The part below that opens with the line containing "Jakub Hájek /" and closes with the line containing "16. Le Christ Couronné d'Epines" should be copied exactly, minus any pictures.

Records –
= Beginning of Section =
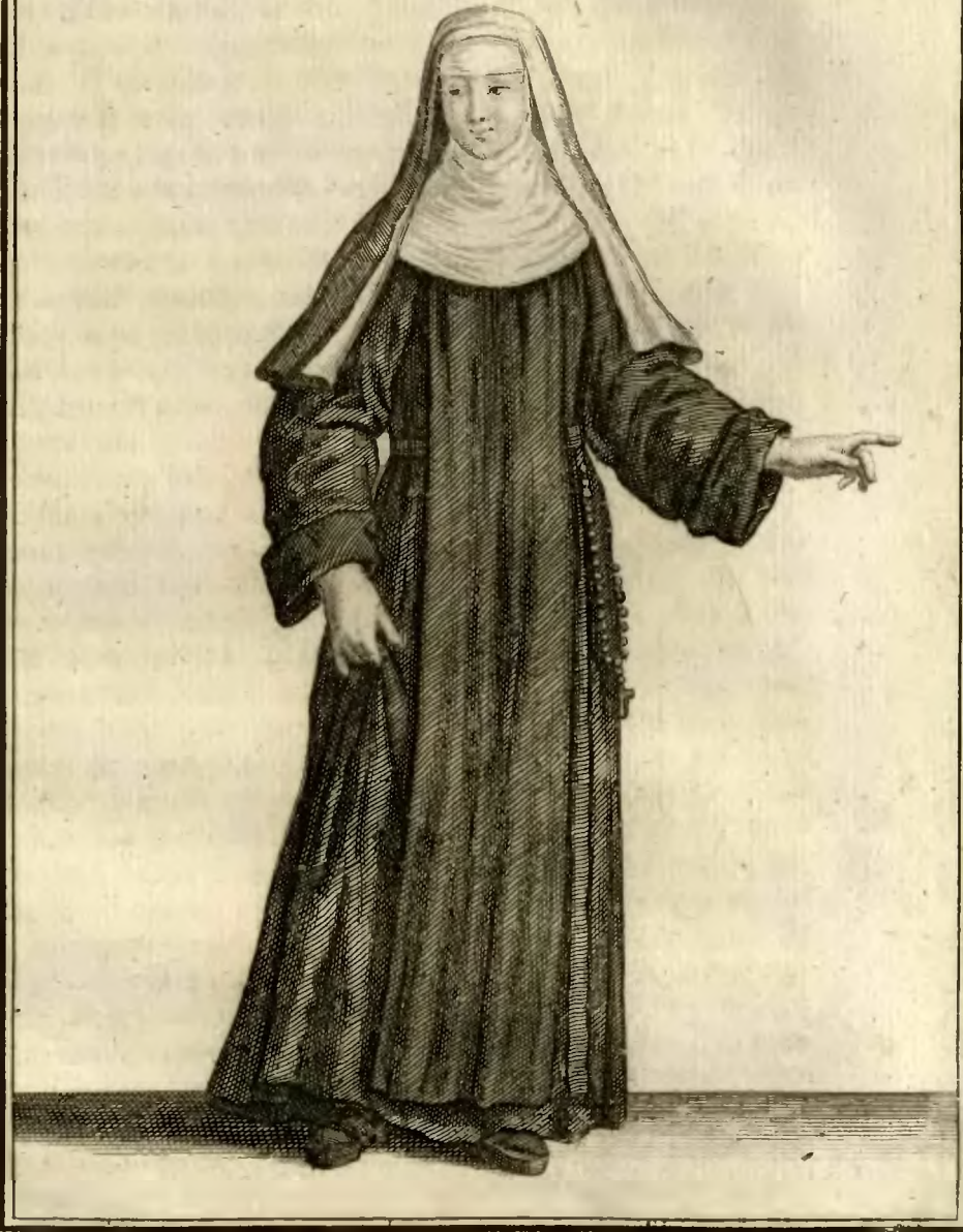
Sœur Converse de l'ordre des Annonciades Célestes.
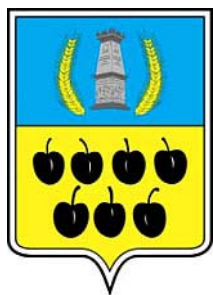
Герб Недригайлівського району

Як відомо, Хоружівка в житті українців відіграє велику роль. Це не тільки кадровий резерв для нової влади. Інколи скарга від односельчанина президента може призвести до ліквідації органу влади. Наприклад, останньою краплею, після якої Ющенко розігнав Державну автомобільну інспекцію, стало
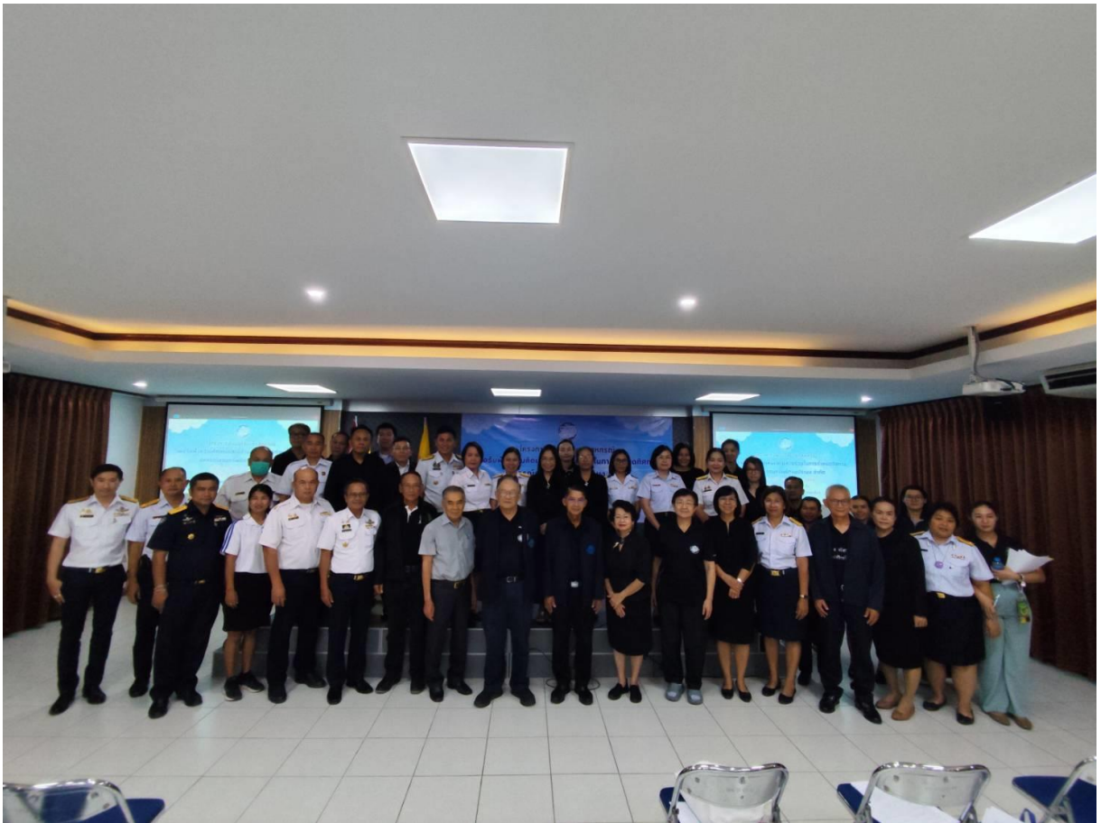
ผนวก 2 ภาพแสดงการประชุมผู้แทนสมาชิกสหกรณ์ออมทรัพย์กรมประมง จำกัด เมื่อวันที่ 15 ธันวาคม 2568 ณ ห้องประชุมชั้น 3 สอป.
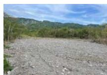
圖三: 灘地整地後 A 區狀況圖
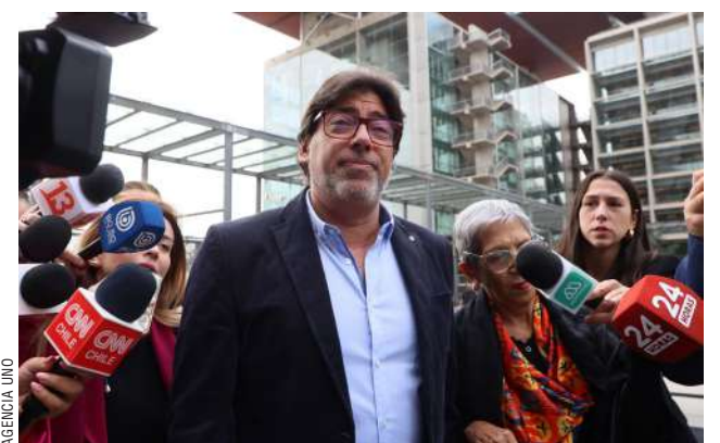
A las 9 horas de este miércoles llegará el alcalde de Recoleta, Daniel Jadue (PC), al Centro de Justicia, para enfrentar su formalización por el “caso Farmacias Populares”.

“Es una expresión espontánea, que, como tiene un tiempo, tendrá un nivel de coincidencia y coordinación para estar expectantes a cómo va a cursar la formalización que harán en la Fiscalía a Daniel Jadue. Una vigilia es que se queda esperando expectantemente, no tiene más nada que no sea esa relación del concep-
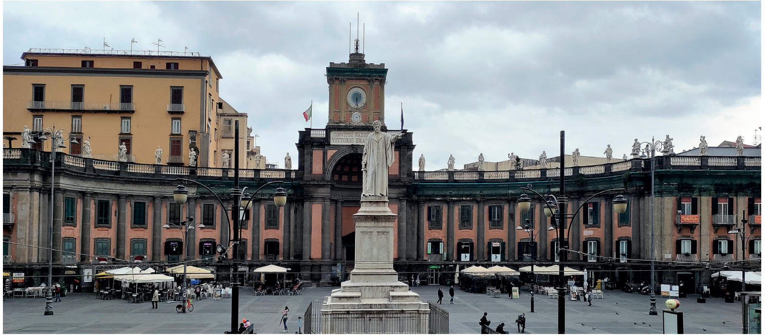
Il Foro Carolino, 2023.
= End of Section =
= Beginning of Section =
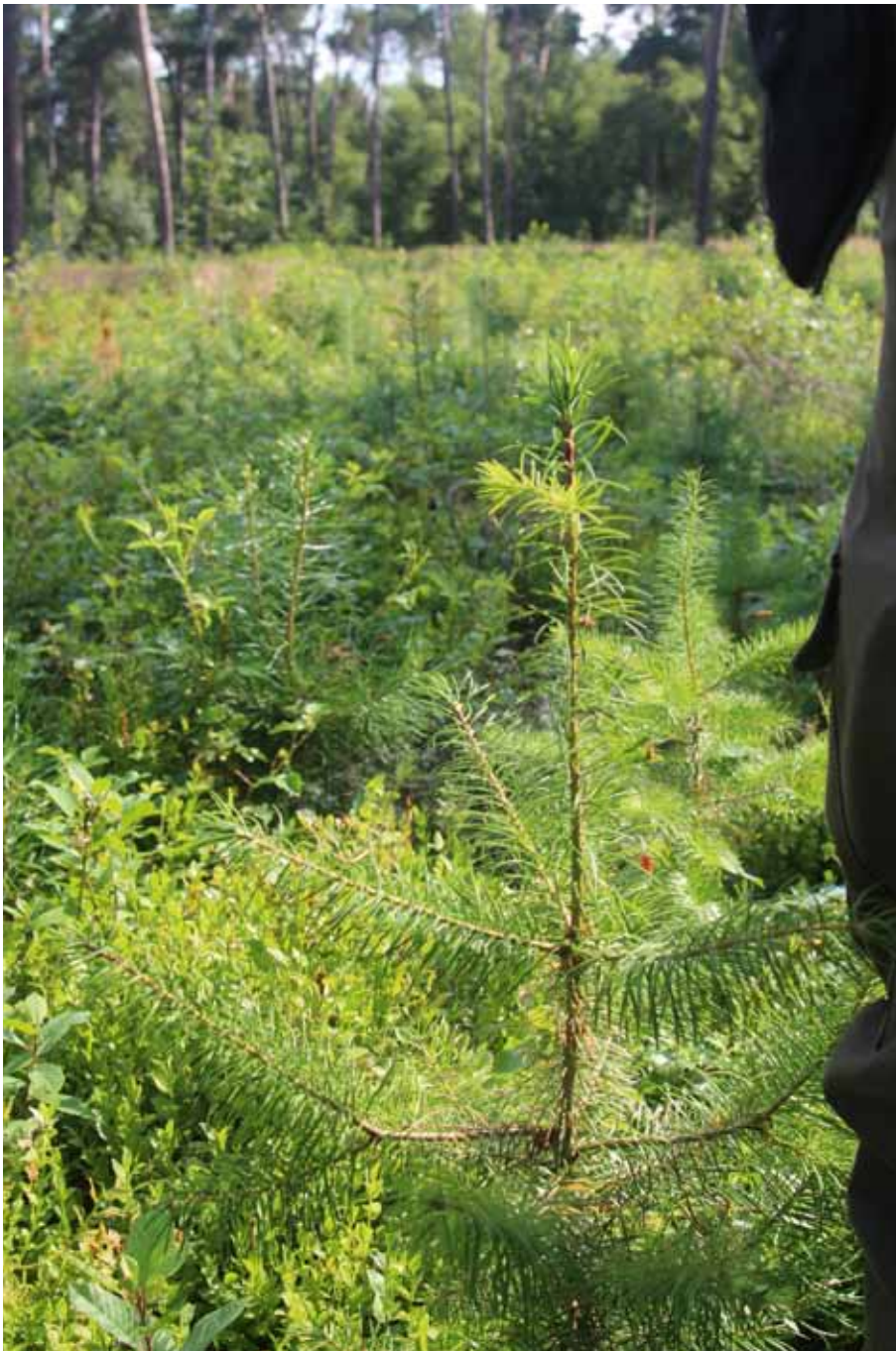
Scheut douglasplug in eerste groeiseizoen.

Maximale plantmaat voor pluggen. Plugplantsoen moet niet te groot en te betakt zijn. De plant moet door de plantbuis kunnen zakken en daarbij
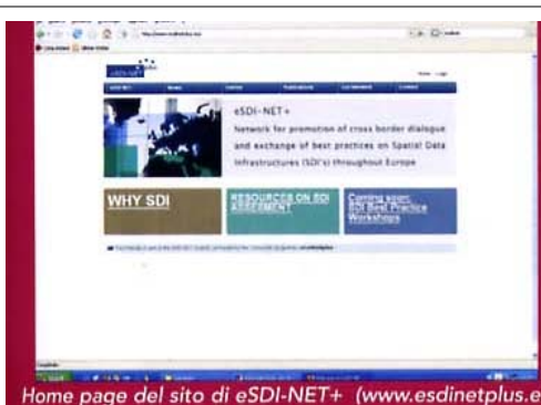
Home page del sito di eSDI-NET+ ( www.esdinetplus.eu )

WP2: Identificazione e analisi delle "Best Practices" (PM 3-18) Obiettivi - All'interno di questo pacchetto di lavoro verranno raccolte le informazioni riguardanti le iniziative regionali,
= End of Section =
= Beginning of Section =
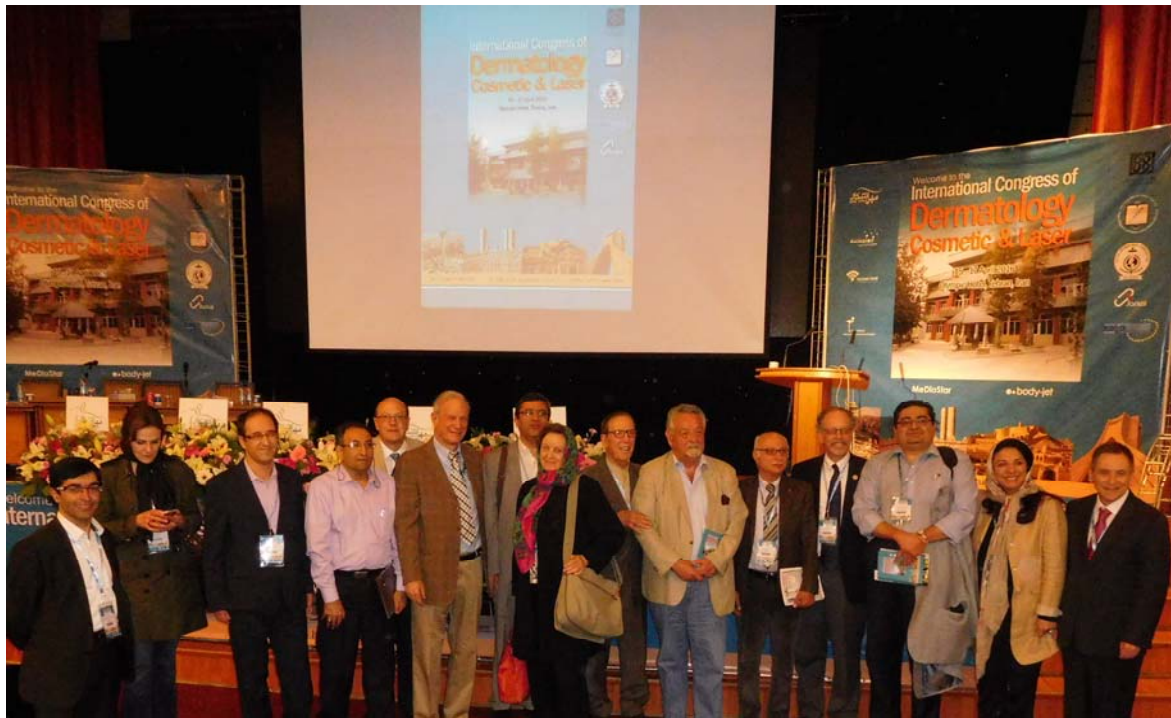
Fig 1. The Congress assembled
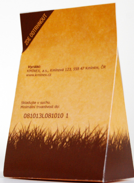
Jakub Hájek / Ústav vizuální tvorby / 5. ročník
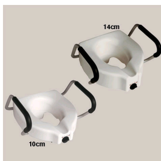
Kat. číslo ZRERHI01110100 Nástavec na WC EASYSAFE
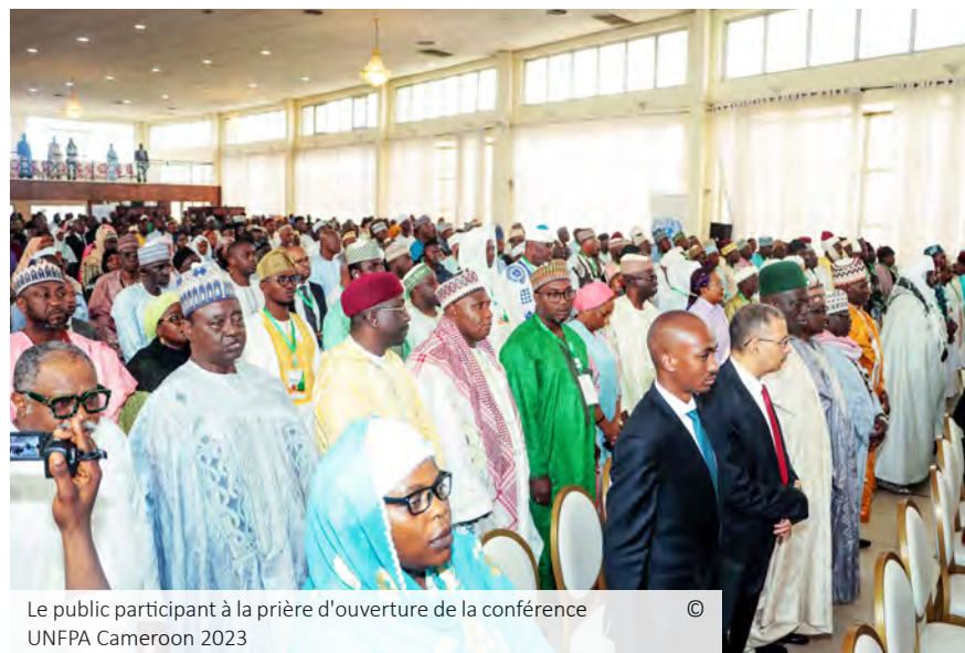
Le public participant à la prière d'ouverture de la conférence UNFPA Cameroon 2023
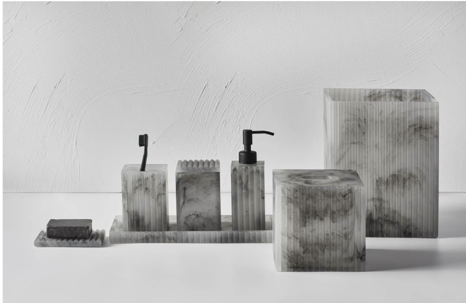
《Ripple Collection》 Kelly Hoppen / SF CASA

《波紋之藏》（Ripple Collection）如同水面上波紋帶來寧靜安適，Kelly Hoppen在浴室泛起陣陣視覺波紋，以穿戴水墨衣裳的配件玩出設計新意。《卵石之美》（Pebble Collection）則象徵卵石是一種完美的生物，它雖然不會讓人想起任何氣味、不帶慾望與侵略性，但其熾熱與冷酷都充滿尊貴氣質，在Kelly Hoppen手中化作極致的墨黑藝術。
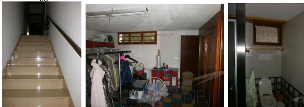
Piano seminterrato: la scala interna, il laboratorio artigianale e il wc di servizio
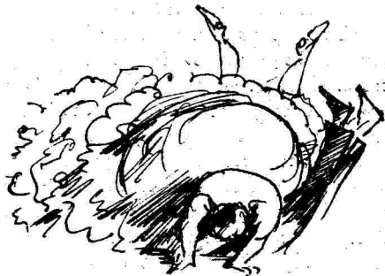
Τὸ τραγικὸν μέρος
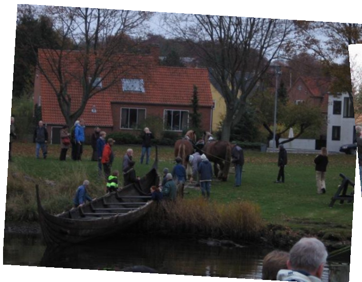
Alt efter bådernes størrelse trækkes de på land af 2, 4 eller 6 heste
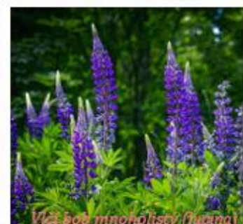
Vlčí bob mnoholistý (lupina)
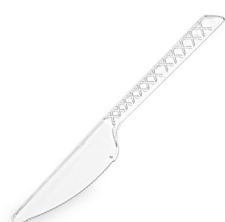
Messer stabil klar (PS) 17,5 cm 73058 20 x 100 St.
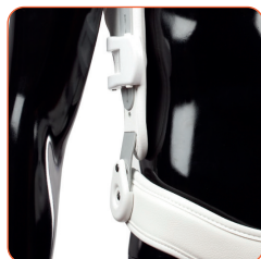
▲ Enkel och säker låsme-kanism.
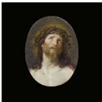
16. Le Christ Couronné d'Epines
= End of Section =
Finished task –
Jakub Hájek / Ústav vizuální tvorby / 5. ročník
Kat. číslo ZRERHI01110100 Nástavec na WC EASYSAFE
Le public participant à la prière d'ouverture de la conférence UNFPA Cameroon 2023
《Ripple Collection》 Kelly Hoppen / SF CASA

《波紋之藏》（Ripple Collection）如同水面上波紋帶來寧靜安適，Kelly Hoppen在浴室泛起陣陣視覺波紋，以穿戴水墨衣裳的配件玩出設計新意。《卵石之美》（Pebble Collection）則象徵卵石是一種完美的生物，它雖然不會讓人想起任何氣味、不帶慾望與侵略性，但其熾熱與冷酷都充滿尊貴氣質，在Kelly Hoppen手中化作極致的墨黑藝術。
Piano seminterrato: la scala interna, il laboratorio artigianale e il wc di servizio
Τὸ τραγικὸν μέρος
Alt efter bådernes størrelse trækkes de på land af 2, 4 eller 6 heste
Vlčí bob mnoholistý (lupina)
Messer stabil klar (PS) 17,5 cm 73058 20 x 100 St.
▲ Enkel och säker låsme-kanism.
16. Le Christ Couronné d'Epines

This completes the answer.